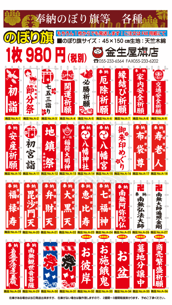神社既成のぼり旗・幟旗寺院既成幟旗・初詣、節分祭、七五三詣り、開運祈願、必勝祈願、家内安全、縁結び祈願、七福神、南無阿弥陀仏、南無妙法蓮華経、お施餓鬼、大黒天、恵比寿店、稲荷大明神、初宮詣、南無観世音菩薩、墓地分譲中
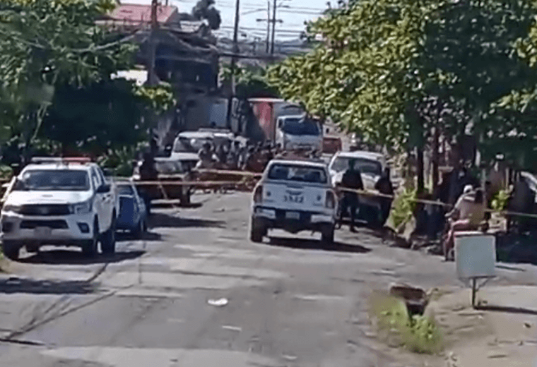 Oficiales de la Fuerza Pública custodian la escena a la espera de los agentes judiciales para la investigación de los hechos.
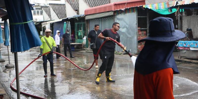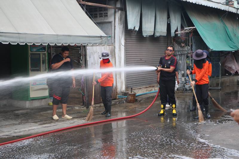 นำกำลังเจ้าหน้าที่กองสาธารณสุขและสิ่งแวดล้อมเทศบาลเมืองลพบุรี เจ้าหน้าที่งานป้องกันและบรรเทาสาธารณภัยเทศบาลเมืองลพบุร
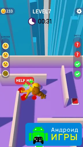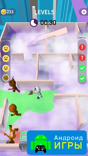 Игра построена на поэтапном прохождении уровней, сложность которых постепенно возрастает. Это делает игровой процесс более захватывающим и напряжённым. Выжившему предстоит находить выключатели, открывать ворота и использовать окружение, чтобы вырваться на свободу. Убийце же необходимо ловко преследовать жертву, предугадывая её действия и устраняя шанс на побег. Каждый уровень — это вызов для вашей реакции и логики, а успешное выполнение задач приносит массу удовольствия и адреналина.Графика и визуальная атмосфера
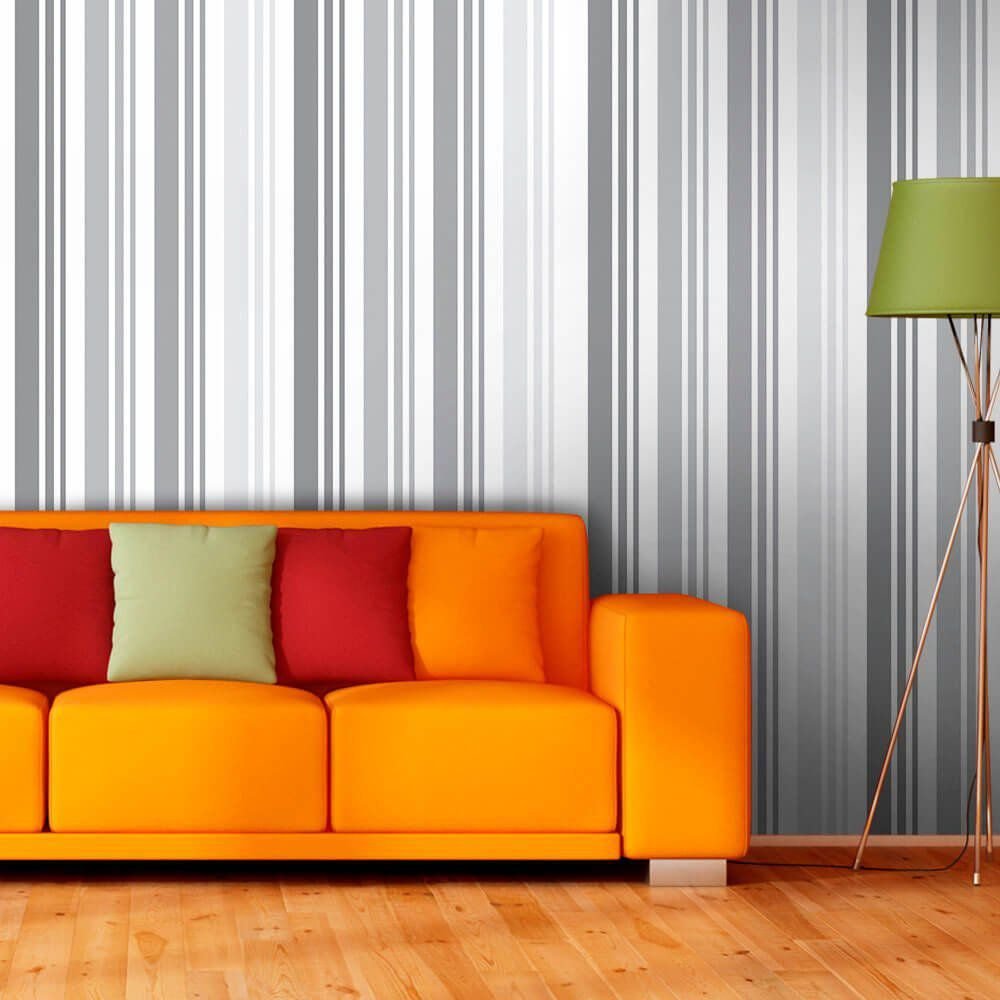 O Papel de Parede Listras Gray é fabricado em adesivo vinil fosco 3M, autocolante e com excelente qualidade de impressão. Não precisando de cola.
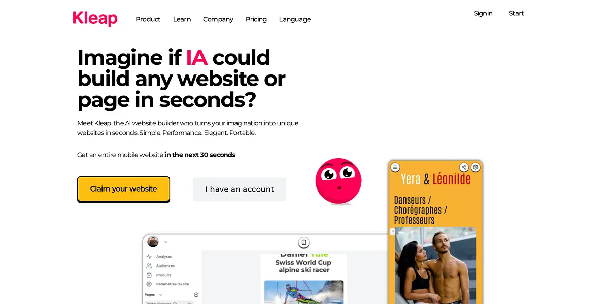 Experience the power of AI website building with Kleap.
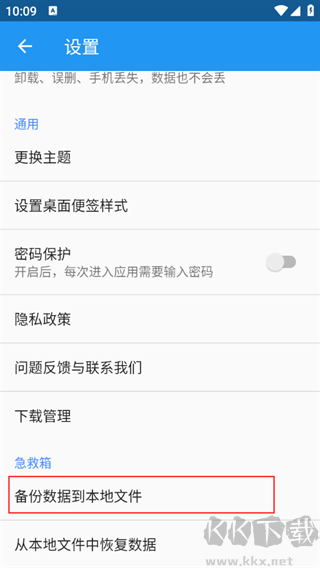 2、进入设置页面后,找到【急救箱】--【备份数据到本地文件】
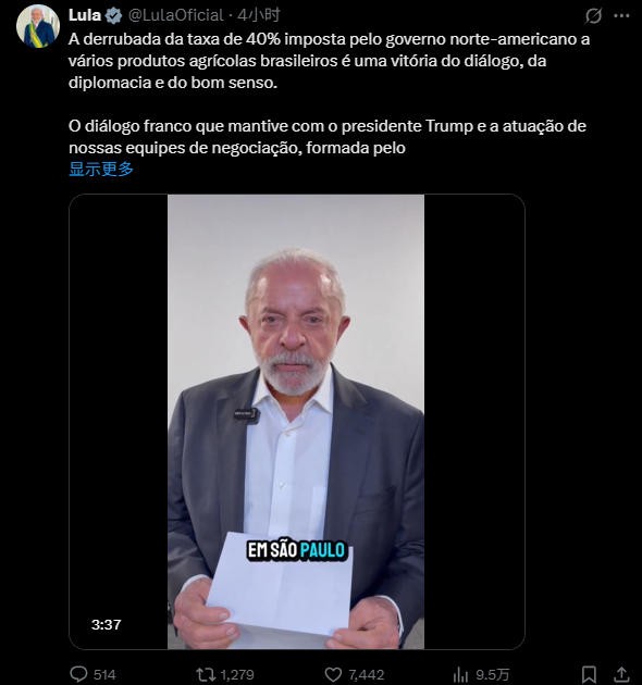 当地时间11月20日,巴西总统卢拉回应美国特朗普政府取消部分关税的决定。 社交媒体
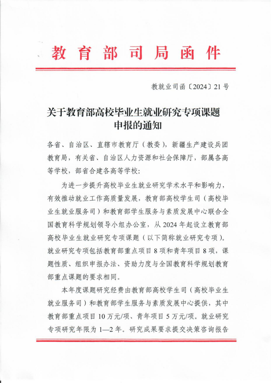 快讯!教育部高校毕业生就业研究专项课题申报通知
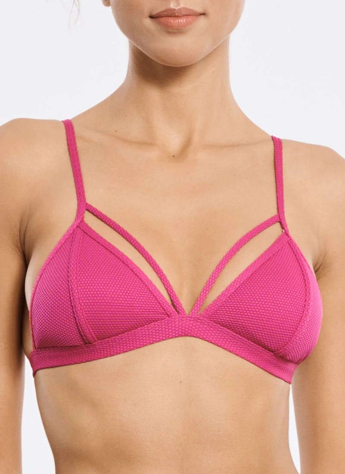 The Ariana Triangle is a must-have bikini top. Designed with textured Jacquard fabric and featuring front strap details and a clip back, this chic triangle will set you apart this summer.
* * *
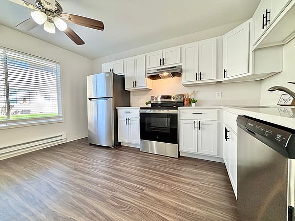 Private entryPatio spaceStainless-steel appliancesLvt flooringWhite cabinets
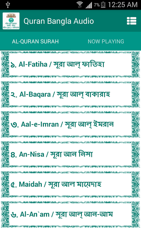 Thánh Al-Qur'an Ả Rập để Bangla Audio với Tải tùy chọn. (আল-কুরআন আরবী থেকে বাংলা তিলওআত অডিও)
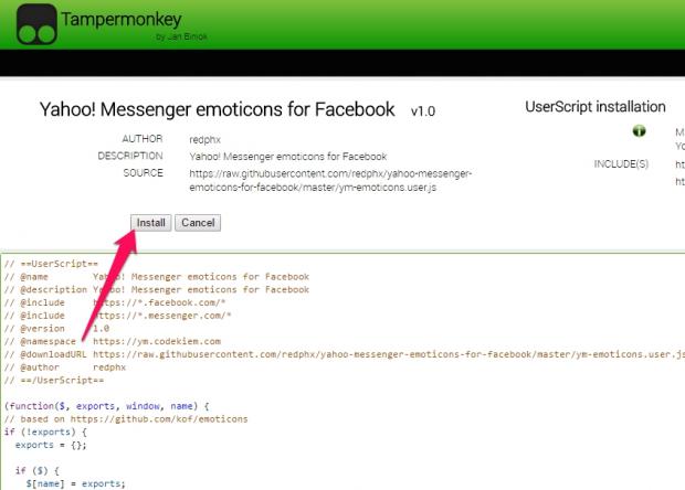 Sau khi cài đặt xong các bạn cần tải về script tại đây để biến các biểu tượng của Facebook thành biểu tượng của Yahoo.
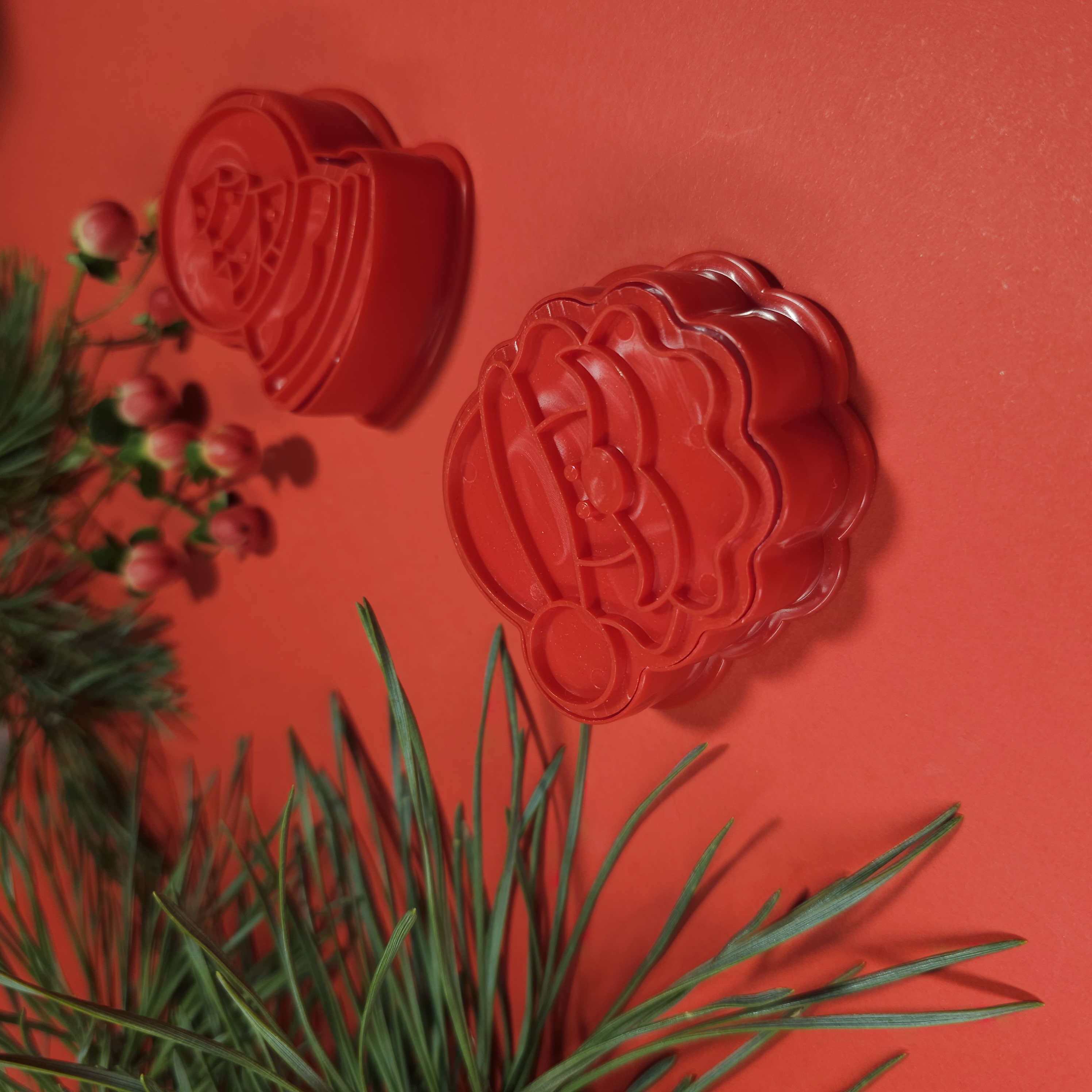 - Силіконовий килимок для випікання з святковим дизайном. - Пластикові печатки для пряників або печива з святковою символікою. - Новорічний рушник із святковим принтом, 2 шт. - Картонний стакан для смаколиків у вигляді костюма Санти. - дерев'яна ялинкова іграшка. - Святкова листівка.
* * *
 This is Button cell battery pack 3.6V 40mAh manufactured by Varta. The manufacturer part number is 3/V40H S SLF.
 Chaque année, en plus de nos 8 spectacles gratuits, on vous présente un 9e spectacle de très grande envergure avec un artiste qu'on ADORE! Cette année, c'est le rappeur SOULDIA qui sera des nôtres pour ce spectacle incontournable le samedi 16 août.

▸ **Action item**
Return only the part above that opens with the line containing "神社既成のぼり旗・幟旗寺院既" and closes with the line containing "The Ariana Triangle", exactly and with both ends, skipping the pictures.

▸ **Exercise solution**
神社既成のぼり旗・幟旗寺院既成幟旗・初詣、節分祭、七五三詣り、開運祈願、必勝祈願、家内安全、縁結び祈願、七福神、南無阿弥陀仏、南無妙法蓮華経、お施餓鬼、大黒天、恵比寿店、稲荷大明神、初宮詣、南無観世音菩薩、墓地分譲中
 Oficiales de la Fuerza Pública custodian la escena a la espera de los agentes judiciales para la investigación de los hechos.
 นำกำลังเจ้าหน้าที่กองสาธารณสุขและสิ่งแวดล้อมเทศบาลเมืองลพบุรี เจ้าหน้าที่งานป้องกันและบรรเทาสาธารณภัยเทศบาลเมืองลพบุร
 Игра построена на поэтапном прохождении уровней, сложность которых постепенно возрастает. Это делает игровой процесс более захватывающим и напряжённым. Выжившему предстоит находить выключатели, открывать ворота и использовать окружение, чтобы вырваться на свободу. Убийце же необходимо ловко преследовать жертву, предугадывая её действия и устраняя шанс на побег. Каждый уровень — это вызов для вашей реакции и логики, а успешное выполнение задач приносит массу удовольствия и адреналина.Графика и визуальная атмосфера
 O Papel de Parede Listras Gray é fabricado em adesivo vinil fosco 3M, autocolante e com excelente qualidade de impressão. Não precisando de cola.
 Experience the power of AI website building with Kleap.
 2、进入设置页面后,找到【急救箱】--【备份数据到本地文件】
 当地时间11月20日,巴西总统卢拉回应美国特朗普政府取消部分关税的决定。 社交媒体
 快讯!教育部高校毕业生就业研究专项课题申报通知
 The Ariana Triangle is a must-have bikini top. Designed with textured Jacquard fabric and featuring front strap details and a clip back, this chic triangle will set you apart this summer.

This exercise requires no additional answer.